For example, to allow any choice:
    cp /proc/sys/net/ipv4/tcp_available_congestion_control \
       /proc/sys/net/ipv4/tcp_allowed_congestion_control

Signed-off-by: Stephen Hemminger <shemminger@osdl.org>
Signed-off-by: David S. Miller <davem@davemloft.net>
Documentation/networking/ip-sysctl.txt
include/linux/sysctl.h
include/net/tcp.h
net/ipv4/sysctl_net_ipv4.c
net/ipv4/tcp_cong.c

index db4280856588527ce8324ee115facfd022147436..bbcc8deda172f3acafff9e5fb96b4539cc936266 100644 (file)
@@ -351,6 +351,12 @@ tcp_frto - BOOLEAN
        where packet loss is typically due to random radio interference
        rather than intermediate router congestion.
 
+tcp_allowed_congestion_control - STRING
+       Show/set the congestion control choices available to non-privileged
+       processes. The list is a subset of those listed in
+       tcp_available_congestion_control.

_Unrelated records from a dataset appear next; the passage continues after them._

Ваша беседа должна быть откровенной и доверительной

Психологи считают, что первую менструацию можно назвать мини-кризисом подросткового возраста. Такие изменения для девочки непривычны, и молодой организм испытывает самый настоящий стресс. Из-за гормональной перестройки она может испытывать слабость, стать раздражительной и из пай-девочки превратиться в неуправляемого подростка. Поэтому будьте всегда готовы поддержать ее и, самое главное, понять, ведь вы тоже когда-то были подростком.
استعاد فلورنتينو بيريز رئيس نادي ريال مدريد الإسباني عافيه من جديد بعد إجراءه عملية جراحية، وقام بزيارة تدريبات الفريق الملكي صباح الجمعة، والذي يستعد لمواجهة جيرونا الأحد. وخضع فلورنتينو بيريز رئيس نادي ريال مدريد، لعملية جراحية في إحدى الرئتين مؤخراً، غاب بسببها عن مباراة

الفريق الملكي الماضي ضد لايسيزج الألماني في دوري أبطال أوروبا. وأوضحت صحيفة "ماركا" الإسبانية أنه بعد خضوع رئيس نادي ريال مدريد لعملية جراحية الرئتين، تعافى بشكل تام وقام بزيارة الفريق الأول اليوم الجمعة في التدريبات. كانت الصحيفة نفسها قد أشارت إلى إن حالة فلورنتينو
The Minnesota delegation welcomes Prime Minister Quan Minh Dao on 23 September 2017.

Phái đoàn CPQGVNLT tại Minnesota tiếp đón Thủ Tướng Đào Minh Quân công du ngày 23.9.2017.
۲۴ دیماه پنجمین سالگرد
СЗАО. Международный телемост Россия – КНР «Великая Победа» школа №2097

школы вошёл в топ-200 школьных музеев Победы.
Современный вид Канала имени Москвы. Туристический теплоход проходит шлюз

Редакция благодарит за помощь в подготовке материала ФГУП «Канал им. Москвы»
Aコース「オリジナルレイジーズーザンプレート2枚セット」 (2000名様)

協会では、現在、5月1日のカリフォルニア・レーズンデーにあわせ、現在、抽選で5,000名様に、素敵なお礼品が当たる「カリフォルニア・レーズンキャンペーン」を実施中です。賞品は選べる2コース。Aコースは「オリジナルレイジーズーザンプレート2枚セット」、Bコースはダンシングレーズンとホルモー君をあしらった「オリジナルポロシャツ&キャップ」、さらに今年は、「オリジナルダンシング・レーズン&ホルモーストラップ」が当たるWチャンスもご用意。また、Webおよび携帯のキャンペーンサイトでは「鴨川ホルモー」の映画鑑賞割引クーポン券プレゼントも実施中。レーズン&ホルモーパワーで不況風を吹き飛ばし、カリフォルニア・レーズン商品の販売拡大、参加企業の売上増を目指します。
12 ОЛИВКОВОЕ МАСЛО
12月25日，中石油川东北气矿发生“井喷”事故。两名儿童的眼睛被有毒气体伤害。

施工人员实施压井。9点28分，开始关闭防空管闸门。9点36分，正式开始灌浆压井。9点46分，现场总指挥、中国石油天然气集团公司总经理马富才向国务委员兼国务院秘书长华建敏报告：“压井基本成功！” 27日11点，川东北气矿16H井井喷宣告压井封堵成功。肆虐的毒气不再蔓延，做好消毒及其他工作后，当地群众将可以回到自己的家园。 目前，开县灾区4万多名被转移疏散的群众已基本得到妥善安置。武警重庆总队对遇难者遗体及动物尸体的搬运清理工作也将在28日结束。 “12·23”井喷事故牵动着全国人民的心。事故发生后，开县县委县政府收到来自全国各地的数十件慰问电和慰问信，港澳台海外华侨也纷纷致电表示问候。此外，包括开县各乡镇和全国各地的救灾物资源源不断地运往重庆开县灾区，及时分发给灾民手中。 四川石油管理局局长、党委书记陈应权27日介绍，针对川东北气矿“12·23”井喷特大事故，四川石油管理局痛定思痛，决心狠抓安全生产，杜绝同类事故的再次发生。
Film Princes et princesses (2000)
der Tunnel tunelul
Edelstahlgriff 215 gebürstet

+       Default is "reno" and the default setting (tcp_congestion_control).
+
 tcp_available_congestion_control - STRING
        Shows the available congestion control choices that are registered.

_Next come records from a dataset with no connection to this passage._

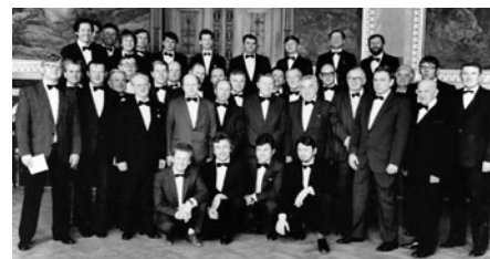
Mužský pěvecký sbor Litomyšl před vystoupením v Obecním domě v 90. letech minulého století.
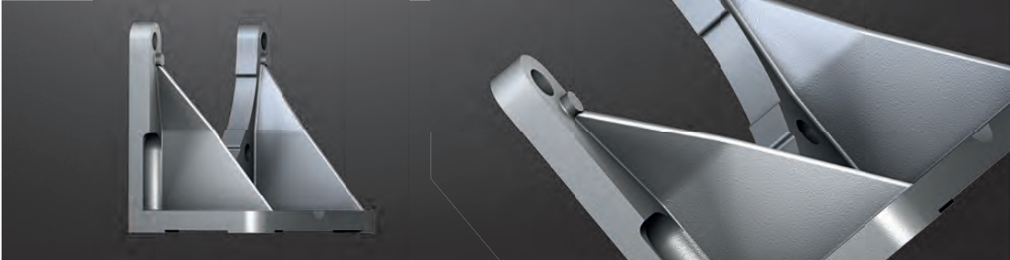
Fußflansch PTFL *
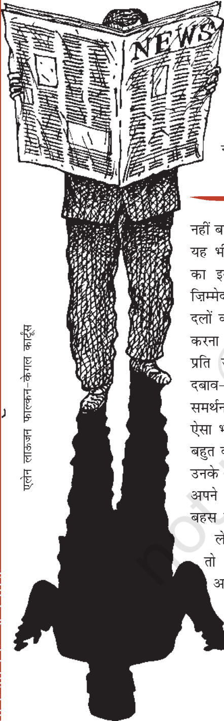
एलेन लाऊजन फाल्कन-केगल कार्टून

ऊपर के अनुच्छेद में आपको लोकतंत्र और सामाजिक आंदोलन में क्या संबंध नजर आ रहा है? इस आंदोलन को सरकार के प्रति क्या रवैया अपनाना चाहिए?
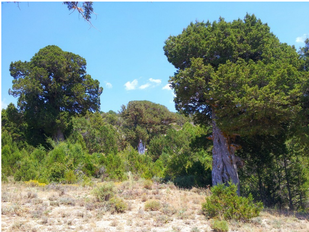
Imatge de la microreserva en la qual es veu una bona representació de l'hàbitat Boscos endèmics de Juniperus spp.
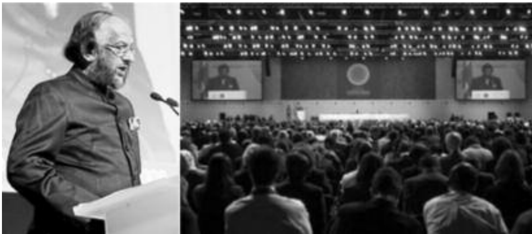
Le discours du prix Nobel de la Paix, l'Indien Rajendra K. Pachauri n'aura pas eu l'effet escompté.

Sur le plan politique, on ne peut que déplorer que sur une question aussi grave, on n'ait pas trouvé les moyens d'un accord. Chacun a défendu ses intérêts sur une vision à (très) court terme. Aucun État n'a voulu faire l'effort qui aurait pu faire basculer la conférence.
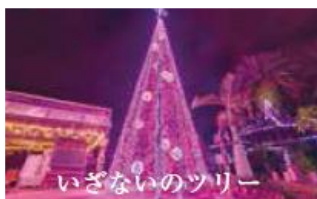
いざないのツリー
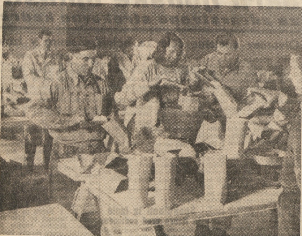
NASE DEMOKRATICNO LJUDSTVO, KI JE ŽE TOLIKO IN TOLIKOKRAT POKAZALO SVOJO BORBENOST JE KONČALO S PRIPRAVLJANJEM ZAVOJEV ZA STAVKAJOČE DELAVCE. NJIHOVO DELO NI BILO ZAMAN. DELAVCI IN NJIHOVE DRUŽINE SO S HVALEZNOSTJO SPREJELI TO KAR JIM JE ISTRSKO DELOVNO LJUDSTVO POSLALO V ZNAK SOLIDARNOSTI
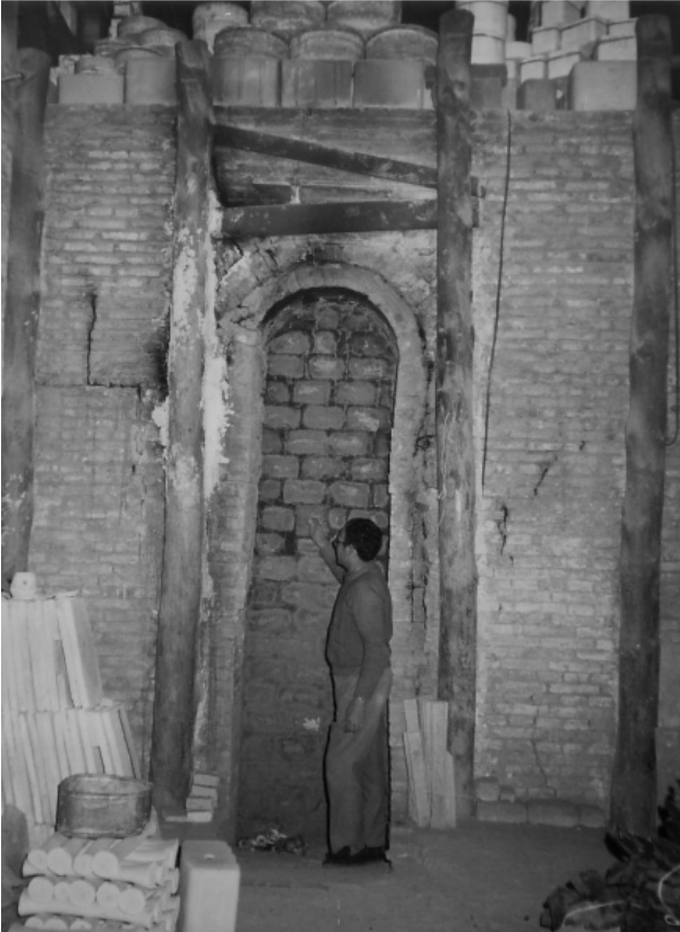
Figura 9. Operario enformando

elementos que al contacto con el calor se oxidan, tomando una coloración característica según predomine un elemento químico u otro. Los azulejos cerámicos del siglo XVIII exhiben unos trazos gruesos y colores puros, siendo principalmente amarillos, naranjas, azules, verdes, marrones y blancos. Es alrededor del año 1880, a principios del XIX, cuando esa pureza de los colores se ven modificadas con la introducción del color rosa.
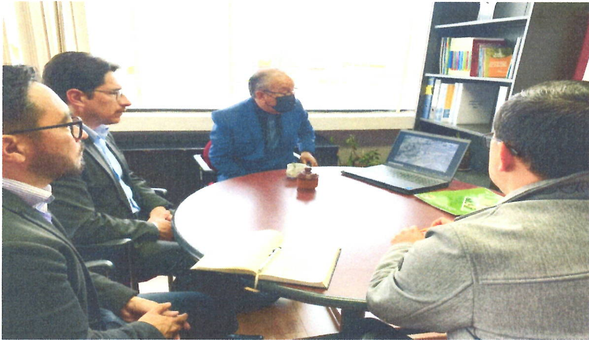
REUNIÓN CON LOS FUNCIONARIOS DE AME
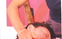
オリジナルの手技を多用し、二の腕や背中の中層の老廃物がこりを徹底的に促す。老廃物がこり固まった部分は電流が流れるような感覚!
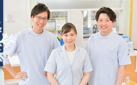
アルファグループ新潟Office
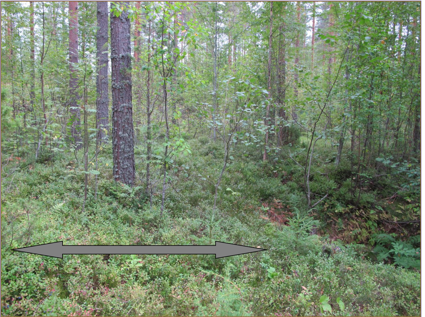
Kuva 5:Tervahaudan leveää "ympärysvallia". NW.

        More congestion control algorithms may be available as modules,
index 28a48279654de84e8ca56f8c61bb60c2557fd2c6..0725441621d090fcdb1ca9e67c80647956740a26 100644 (file)
@@ -427,6 +427,7 @@ enum
        NET_CIPSOV4_RBM_OPTFMT=120,
        NET_CIPSOV4_RBM_STRICTVALID=121,
        NET_TCP_AVAIL_CONG_CONTROL=122,
+       NET_TCP_ALLOWED_CONG_CONTROL=123,
 };
 
 enum {
index 6af4baf5b7692a6942adbf90510a65c70b43c5c9..e1a5d29d0a1fccfa524bec6f4df1e195bbc30c93 100644 (file)

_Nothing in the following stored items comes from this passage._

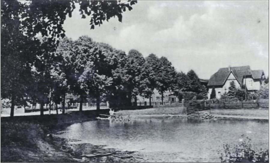
Dorfansicht mit Teich
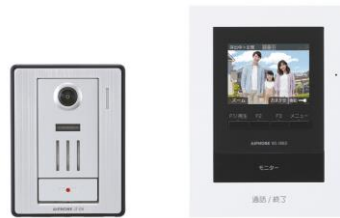
WS-24B (カメラ付玄関子機、モニター付親機のセット) ※モニター付ワイヤレス子機 (WS-2WD) は別売
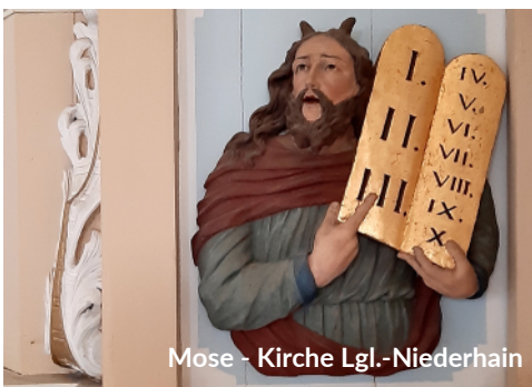
Mose - Kirche Lgl.-Niederhain
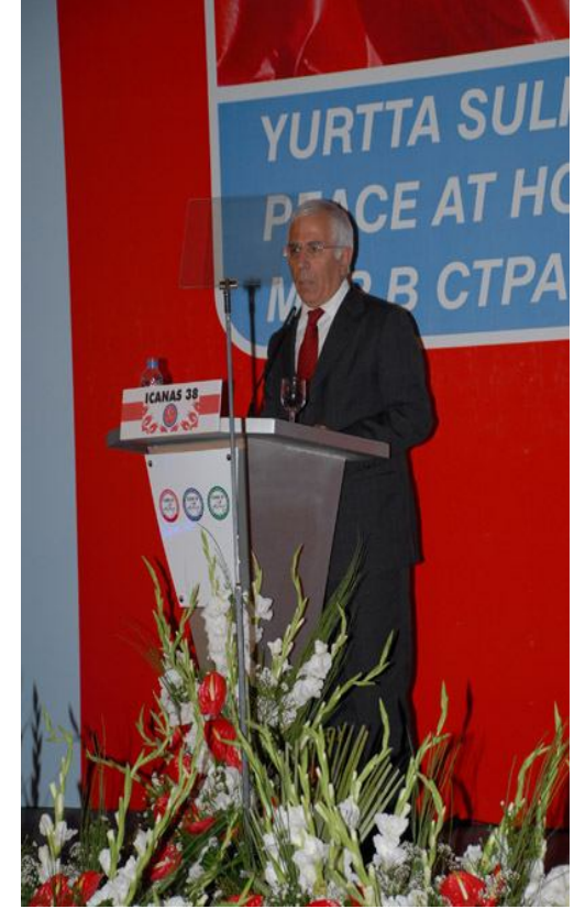
Prof. Dr. Mehmet AYDIN Devlet Bakanı

5018 sayılı Kamu Mali Yönetimi ve Kontrol Kanunu ile idarelere yıllık faaliyet raporu hazırlama görevi verilmiş olup, Bakanlığımıza bağlı Atatürk Kültür, Dil ve Tarih Yüksek Kurumunun, 2008 yılı çalışmalarının yer aldığı faaliyet raporu hazırlanmıştır. Hazırlanan bu raporu ve gerçekleştirilen faaliyetleri bilim ve düşünce dünyamızın, kamuoyumuzun ilgi ve bilgisine saygıyla sunuyorum.

@@ -625,6 +625,7 @@ enum tcp_ca_event {
 
 struct tcp_congestion_ops {
        struct list_head        list;
+       int     non_restricted;
 
        /* initialize private data (optional) */
        void (*init)(struct sock *sk);
@@ -663,6 +664,8 @@ extern void tcp_cleanup_congestion_control(struct sock *sk);
 extern int tcp_set_default_congestion_control(const char *name);
 extern void tcp_get_default_congestion_control(char *name);
 extern void tcp_get_available_congestion_control(char *buf, size_t len);
+extern void tcp_get_allowed_congestion_control(char *buf, size_t len);
+extern int tcp_set_allowed_congestion_control(char *allowed);
 extern int tcp_set_congestion_control(struct sock *sk, const char *name);
 extern void tcp_slow_start(struct tcp_sock *tp);
 
index 2e770f45d829002edcfadfe7f05eaa53a0cf94dc..dfcf47f10f88b94318a33fa36768d012606afba1 100644 (file)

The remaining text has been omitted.